START Extracted records

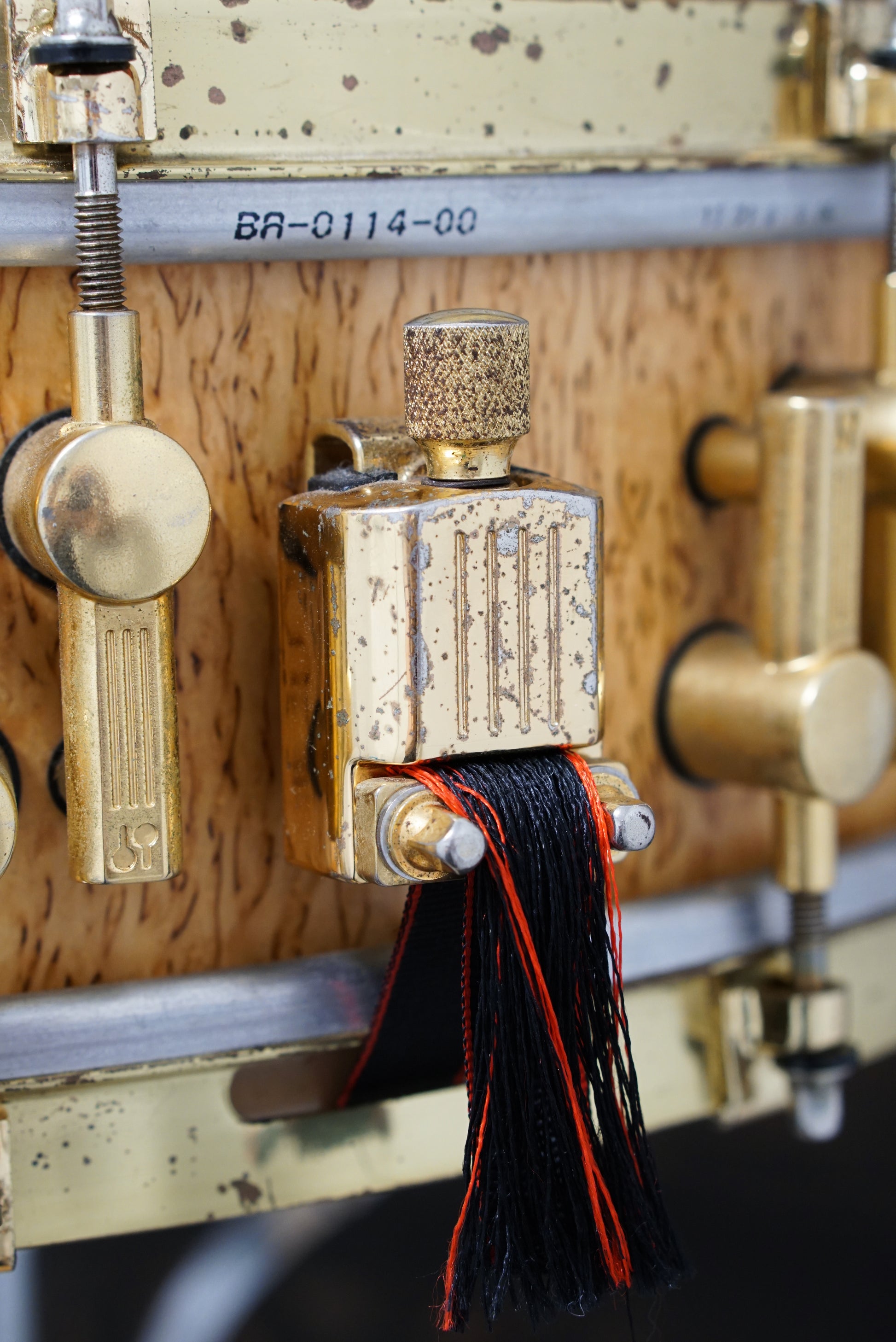 A delightful Sonor drum from the 2010s. Wet and punchy with a delicious "splat". Moderate pitting and tarnish on the plating, and a Trick throw-off has been installed.
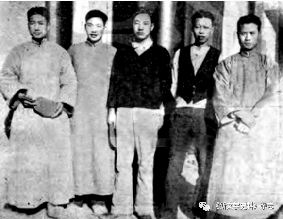 其實她和蔣仁宇的淵源也許可以追溯到更早一些,他們中學時代是孔德學校的前后同學,蔣仁宇生于1908年前,即20年代孔德學校的“蔣仁?!?。他寫于1934年的一篇文章中提到“我自小學到大學,永是和一個法文學校發(fā)生關(guān)系”,這個法文學?;究梢哉J為就是教授法文的北京孔德學校。1925年出版的《北京孔德學校旬刊合訂本》第二輯封面就是“十年級蔣仁裕繪”的木炭畫,蔣仁裕同時還是運動健將,尤其是乒乓球。合訂本內(nèi)還有一則體育部報告,1925年12月10日,十年級與北京師范比賽乒乓球,15∶3,孔德學校勝??椎鲁錾淼膶W生乒乓球水平不低,1929年初北平的報紙上就有一張“北平冬季球類比賽乒乓優(yōu)勝隊”的照片,如下圖,左一錢三強、右一蔣仁裕,中間的則是周作人長子周豐一。雖然沒有注明圖中五位所屬的學校,但除了左二的傅詢克暫時無法確定外,其余幾位都是孔德學校的,周豐一生于1912年,錢三強生于1913年,右二的金國光生于1906年。
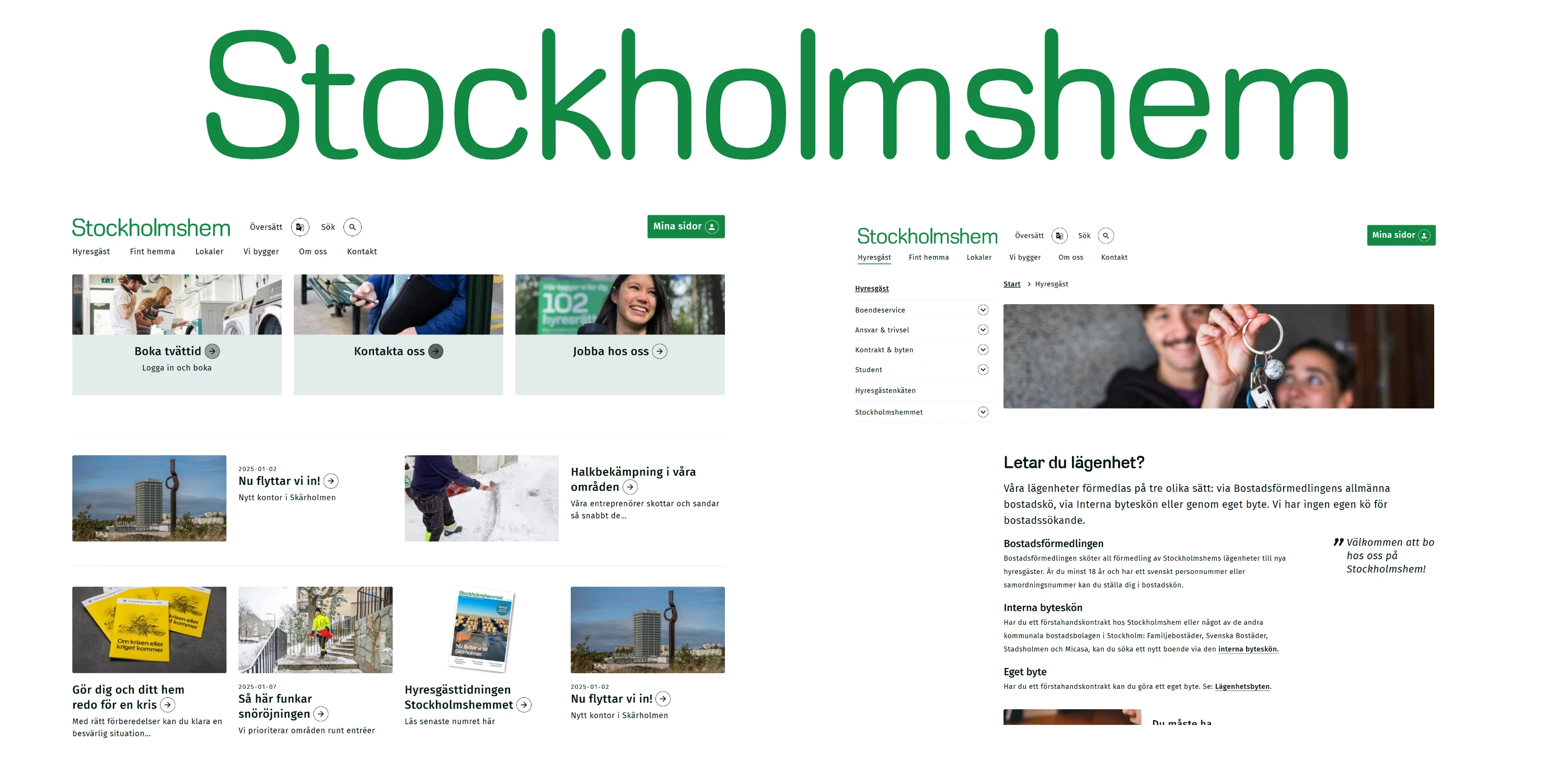 The new homepage provided Stockholmshem with a modern, mobile-friendly platform that reflected their brand and improved usability for residents. My contributions focused on building clean, maintainable front-end code and ensuring the design adapted smoothly to both desktop and mobile contexts.
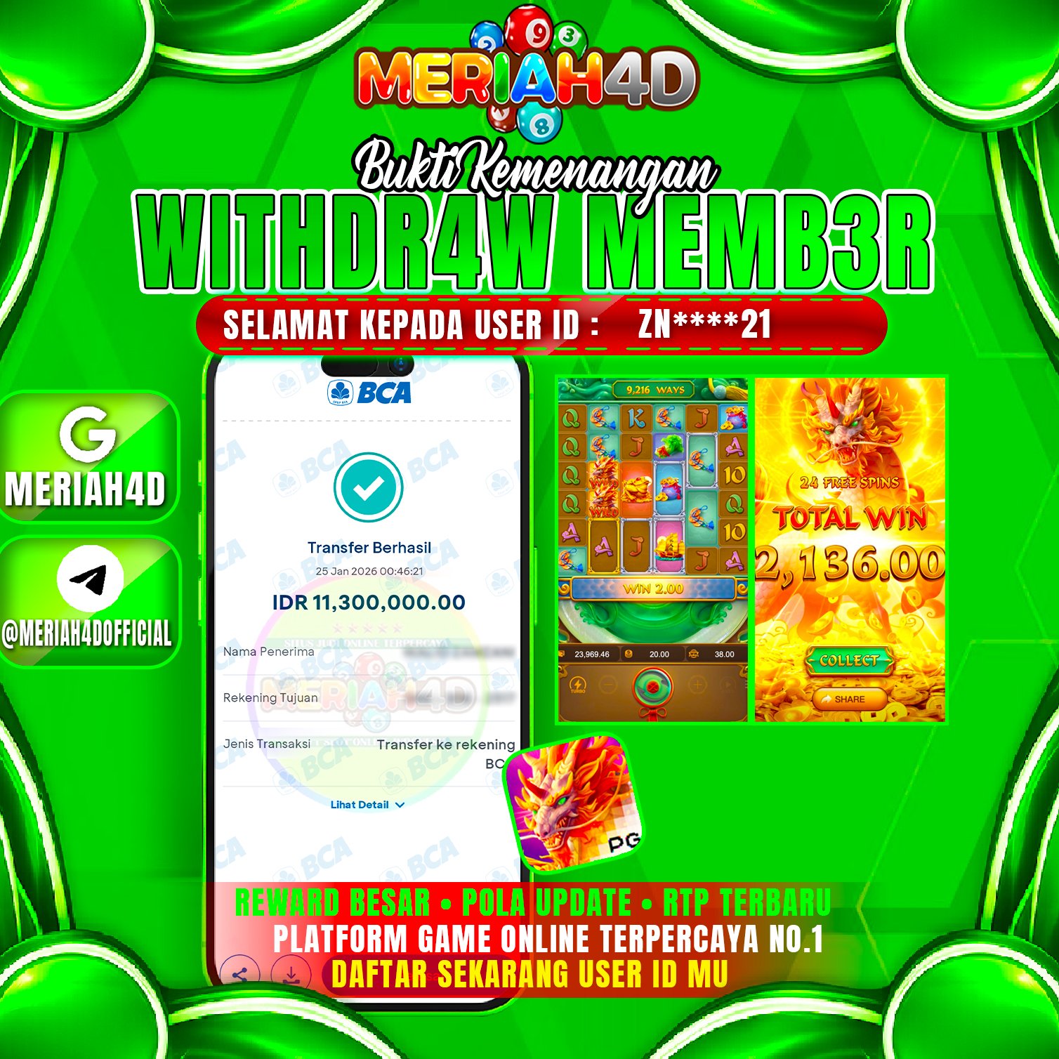 Selamat Kepada ID : ZN******21 Atas Withdraw Rp. 11.300.000 Juta Hari ini. Ditunggu Withdraw Selanjutnya dan ajak juga teman temannya bergabung di Meriah4d
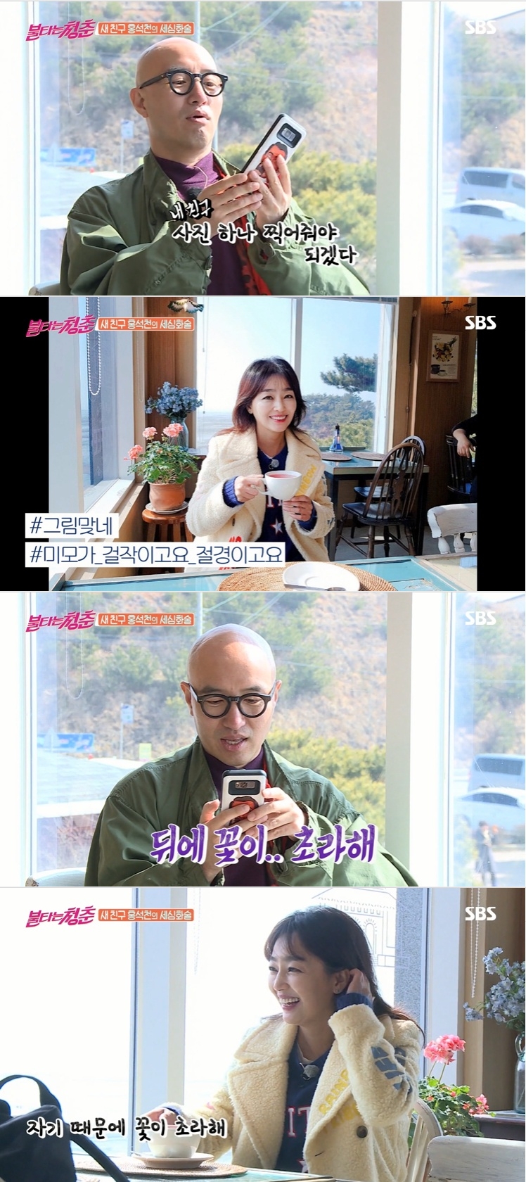 카페로 자리를 옮긴 홍석천은 "그림이네"라며 바다를 배경으로 이연수 사진을 찍어준 뒤 "뒤에 꽃이 초라해"라는 달달한 멘트를 날려 설렘을 선사했다. 뒤를 돌아본 이연수는 수줍게 웃으며 "고맙다. 친구야"라고 답했다.
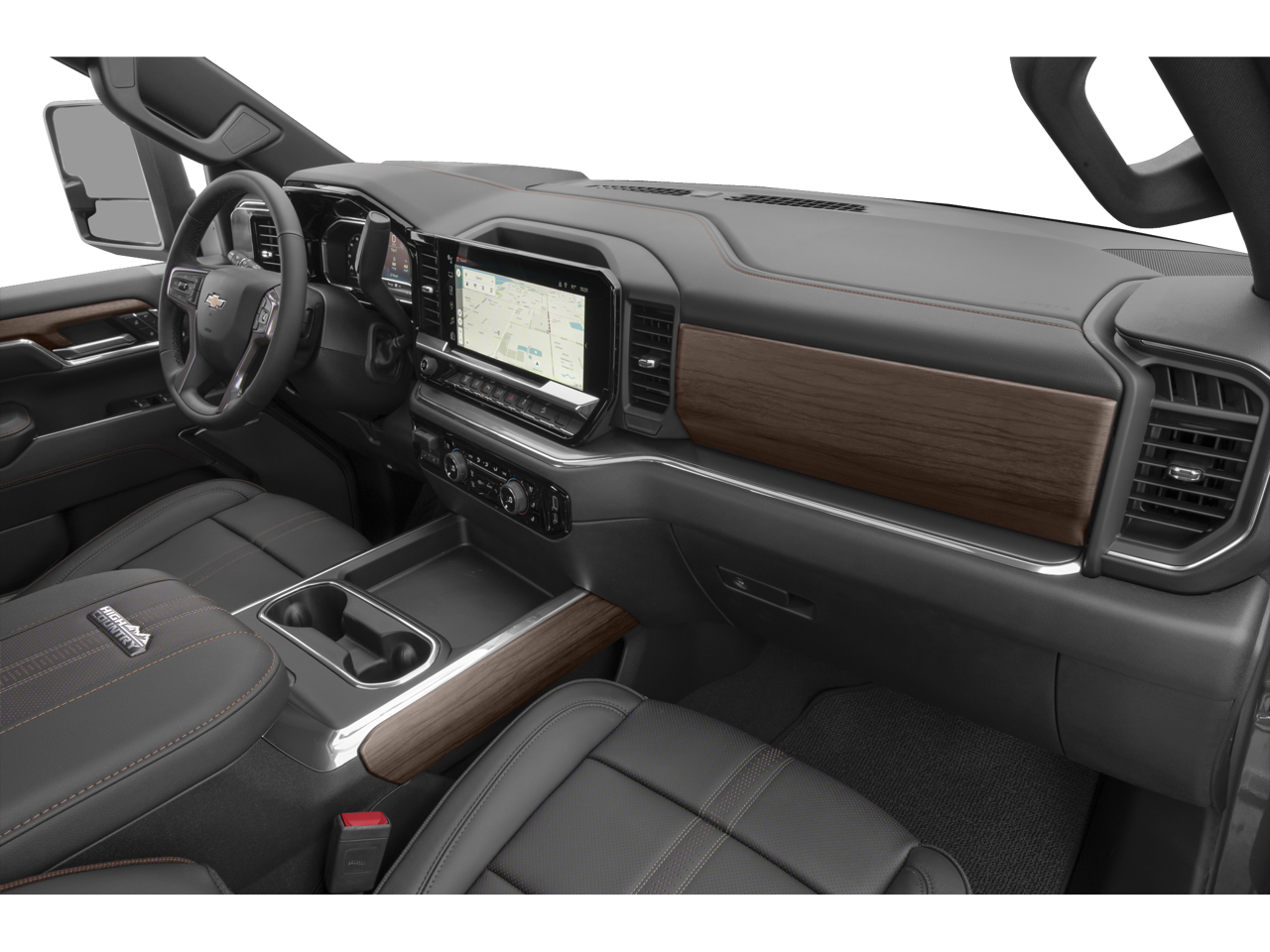 10-Way Power Driver Seat Adjuster w/Lumbar, 10-Way Power Passenger Seat Adjuster w/Lumbar, 120-Volt Bed Mounted Power Outlet, 120-Volt Interior Power Outlet, 15 Diagonal Multicolor Head-Up Display, 170 Amp Alternator, 4-Wheel Disc Brakes, 6 Rectangular Chromed Tubular Assist Steps, 7 Speakers, 720 Cold-Cranking Amps Heavy-Duty Battery, ABS brakes, Adaptive Cruise Control, Air Conditioning, Alloy wheels, AM/FM radio: SiriusXM with 360L, Apple CarPlay/Android Auto, Auto High-beam Headlights, Auto-dimming door mirrors, Auto-Dimming Inside Rear-View Mirror, Auto-dimming Rear-View mirror, Automatic temperature control, Bed View Camera w/2 Trailer Camera Provisions, Black Chevytec Spray-On Bedliner, Bluetooth® For Phone, Body-Color Front Bumper, Body-Color Rear Bumper, Bodyside moldings, BOSE Premium 7-Speaker Sound System, Brake assist, Bumpers: body-color, Chevrolet Connected Access Capable, Chrome Door Handles, Chrome Mirror Caps, Color-Keyed Carpeting Floor Covering, Compass, Deep-Tinted Glass, Delay-off headlights, Driver door bin, Driver Memory, Driver vanity mirror, Dual 220-Amp Primary/170-Amp Auxiliary Alternators, Dual front impact airbags, Dual front side impact airbags, Durabed Pickup Bed, Electric Rear-Window Defogger, Electronic Cruise Control w/Set & Resume Speed, Electronic Stability Control, Engine Block Heater, Exhaust Brake, EZ Lift Power Lock & Release Tailgate, Floor-Mounted Center Console, Front anti-roll bar, Front Bucket Seats, Front Carpeted Floor Mats, Front Center Armrest, Front Chrome Recovery Hooks, Front dual zone A/C, Front fog lights, Front LED Fog Lamps, Front License Plate Kit, Front Rain-Sensing Wipers, Front reading lights, Front wheel independent suspension, Fully automatic headlights, Garage door transmitter, Genuine wood console insert, Genuine wood dashboard insert, Genuine wood door panel insert, Gooseneck/5th Wheel Prep Package, Heated 2nd Row Outboard Seats, Heated door mirrors, Heated Driver & Front Outboard Passenger Seating, Heated front seats, Heated rear seats, Heated Steering Wheel, Heated steering wheel, Heavy Duty Front Spring/Camper Package, High Country Premium Package, High Idle Switch, Hill Descent Control, Hitch Guidance w/Hitch View, Illuminated entry, In-Vehicle Trailering App System, Keyless Open & Start, LED Cargo Area Lighting, LED Smoked Amber Roof Marker Lamps, LED Taillamps w/Fixed Signature, Low tire pressure warning, Manual Tilt & Telescoping Steering Column, Max Trailering Package, Memory seat, Multi-Flex Tailgate, Occupant sensing airbag, Off-Road Suspension, OnStar & Chevrolet Connected Services Capable, Outside temperature display, Overhead airbag, Overhead console, Panic alarm, Passenger door bin, Passenger vanity mirror, Perforated Leather Seat Trim, Polished Exhaust Tip, Power Door Locks, Power door mirrors, Power driver seat, Power Front Windows w/Driver Express Up/Down, Power Front Windows w/Passenger Express Up/Down, Power passenger seat, Power Rear Windows w/Express Down, Power Sliding Rear Window w/Defogger, Power steering, Power Sunroof, Power windows, Power-Retractable Assist Steps, Preferred Equipment Group 3LZ, Premium audio system: Chevrolet Infotainment 3 Premium, Push Button Start, Pwr Up/Down Tailgate Function w/Pwr Lock & Release, Radio: Chevrolet Infotainment 3 Premium System, Rain sensing wipers, Rear Camera Mirror, Rear Carpeted Floor Mats, Rear Cross Traffic Alert, Rear reading lights, Rear seat center armrest, Rear step bumper, Rear Wheelhouse Liners, Rear window defroster, Remote keyless entry, Remote Vehicle Starter System, Security system, SiriusXM w/360L, Speed control, Speed-sensing steering, Split folding rear seat, Standard Tailgate, Steering Wheel Audio Controls, Steering wheel mounted audio controls, Suspension Package, Tachometer, Technology Package, Telescoping steering wheel, Tilt steering wheel, Traction cont

END Extracted records

Work instruction: Exact repetition of each line above is expected; images are to be omitted.

Your response:
 A delightful Sonor drum from the 2010s. Wet and punchy with a delicious "splat". Moderate pitting and tarnish on the plating, and a Trick throw-off has been installed.
 其實她和蔣仁宇的淵源也許可以追溯到更早一些,他們中學時代是孔德學校的前后同學,蔣仁宇生于1908年前,即20年代孔德學校的“蔣仁?!?。他寫于1934年的一篇文章中提到“我自小學到大學,永是和一個法文學校發(fā)生關(guān)系”,這個法文學?;究梢哉J為就是教授法文的北京孔德學校。1925年出版的《北京孔德學校旬刊合訂本》第二輯封面就是“十年級蔣仁裕繪”的木炭畫,蔣仁裕同時還是運動健將,尤其是乒乓球。合訂本內(nèi)還有一則體育部報告,1925年12月10日,十年級與北京師范比賽乒乓球,15∶3,孔德學校勝??椎鲁錾淼膶W生乒乓球水平不低,1929年初北平的報紙上就有一張“北平冬季球類比賽乒乓優(yōu)勝隊”的照片,如下圖,左一錢三強、右一蔣仁裕,中間的則是周作人長子周豐一。雖然沒有注明圖中五位所屬的學校,但除了左二的傅詢克暫時無法確定外,其余幾位都是孔德學校的,周豐一生于1912年,錢三強生于1913年,右二的金國光生于1906年。
 The new homepage provided Stockholmshem with a modern, mobile-friendly platform that reflected their brand and improved usability for residents. My contributions focused on building clean, maintainable front-end code and ensuring the design adapted smoothly to both desktop and mobile contexts.
 Selamat Kepada ID : ZN******21 Atas Withdraw Rp. 11.300.000 Juta Hari ini. Ditunggu Withdraw Selanjutnya dan ajak juga teman temannya bergabung di Meriah4d
 카페로 자리를 옮긴 홍석천은 "그림이네"라며 바다를 배경으로 이연수 사진을 찍어준 뒤 "뒤에 꽃이 초라해"라는 달달한 멘트를 날려 설렘을 선사했다. 뒤를 돌아본 이연수는 수줍게 웃으며 "고맙다. 친구야"라고 답했다.
 10-Way Power Driver Seat Adjuster w/Lumbar, 10-Way Power Passenger Seat Adjuster w/Lumbar, 120-Volt Bed Mounted Power Outlet, 120-Volt Interior Power Outlet, 15 Diagonal Multicolor Head-Up Display, 170 Amp Alternator, 4-Wheel Disc Brakes, 6 Rectangular Chromed Tubular Assist Steps, 7 Speakers, 720 Cold-Cranking Amps Heavy-Duty Battery, ABS brakes, Adaptive Cruise Control, Air Conditioning, Alloy wheels, AM/FM radio: SiriusXM with 360L, Apple CarPlay/Android Auto, Auto High-beam Headlights, Auto-dimming door mirrors, Auto-Dimming Inside Rear-View Mirror, Auto-dimming Rear-View mirror, Automatic temperature control, Bed View Camera w/2 Trailer Camera Provisions, Black Chevytec Spray-On Bedliner, Bluetooth® For Phone, Body-Color Front Bumper, Body-Color Rear Bumper, Bodyside moldings, BOSE Premium 7-Speaker Sound System, Brake assist, Bumpers: body-color, Chevrolet Connected Access Capable, Chrome Door Handles, Chrome Mirror Caps, Color-Keyed Carpeting Floor Covering, Compass, Deep-Tinted Glass, Delay-off headlights, Driver door bin, Driver Memory, Driver vanity mirror, Dual 220-Amp Primary/170-Amp Auxiliary Alternators, Dual front impact airbags, Dual front side impact airbags, Durabed Pickup Bed, Electric Rear-Window Defogger, Electronic Cruise Control w/Set & Resume Speed, Electronic Stability Control, Engine Block Heater, Exhaust Brake, EZ Lift Power Lock & Release Tailgate, Floor-Mounted Center Console, Front anti-roll bar, Front Bucket Seats, Front Carpeted Floor Mats, Front Center Armrest, Front Chrome Recovery Hooks, Front dual zone A/C, Front fog lights, Front LED Fog Lamps, Front License Plate Kit, Front Rain-Sensing Wipers, Front reading lights, Front wheel independent suspension, Fully automatic headlights, Garage door transmitter, Genuine wood console insert, Genuine wood dashboard insert, Genuine wood door panel insert, Gooseneck/5th Wheel Prep Package, Heated 2nd Row Outboard Seats, Heated door mirrors, Heated Driver & Front Outboard Passenger Seating, Heated front seats, Heated rear seats, Heated Steering Wheel, Heated steering wheel, Heavy Duty Front Spring/Camper Package, High Country Premium Package, High Idle Switch, Hill Descent Control, Hitch Guidance w/Hitch View, Illuminated entry, In-Vehicle Trailering App System, Keyless Open & Start, LED Cargo Area Lighting, LED Smoked Amber Roof Marker Lamps, LED Taillamps w/Fixed Signature, Low tire pressure warning, Manual Tilt & Telescoping Steering Column, Max Trailering Package, Memory seat, Multi-Flex Tailgate, Occupant sensing airbag, Off-Road Suspension, OnStar & Chevrolet Connected Services Capable, Outside temperature display, Overhead airbag, Overhead console, Panic alarm, Passenger door bin, Passenger vanity mirror, Perforated Leather Seat Trim, Polished Exhaust Tip, Power Door Locks, Power door mirrors, Power driver seat, Power Front Windows w/Driver Express Up/Down, Power Front Windows w/Passenger Express Up/Down, Power passenger seat, Power Rear Windows w/Express Down, Power Sliding Rear Window w/Defogger, Power steering, Power Sunroof, Power windows, Power-Retractable Assist Steps, Preferred Equipment Group 3LZ, Premium audio system: Chevrolet Infotainment 3 Premium, Push Button Start, Pwr Up/Down Tailgate Function w/Pwr Lock & Release, Radio: Chevrolet Infotainment 3 Premium System, Rain sensing wipers, Rear Camera Mirror, Rear Carpeted Floor Mats, Rear Cross Traffic Alert, Rear reading lights, Rear seat center armrest, Rear step bumper, Rear Wheelhouse Liners, Rear window defroster, Remote keyless entry, Remote Vehicle Starter System, Security system, SiriusXM w/360L, Speed control, Speed-sensing steering, Split folding rear seat, Standard Tailgate, Steering Wheel Audio Controls, Steering wheel mounted audio controls, Suspension Package, Tachometer, Technology Package, Telescoping steering wheel, Tilt steering wheel, Traction cont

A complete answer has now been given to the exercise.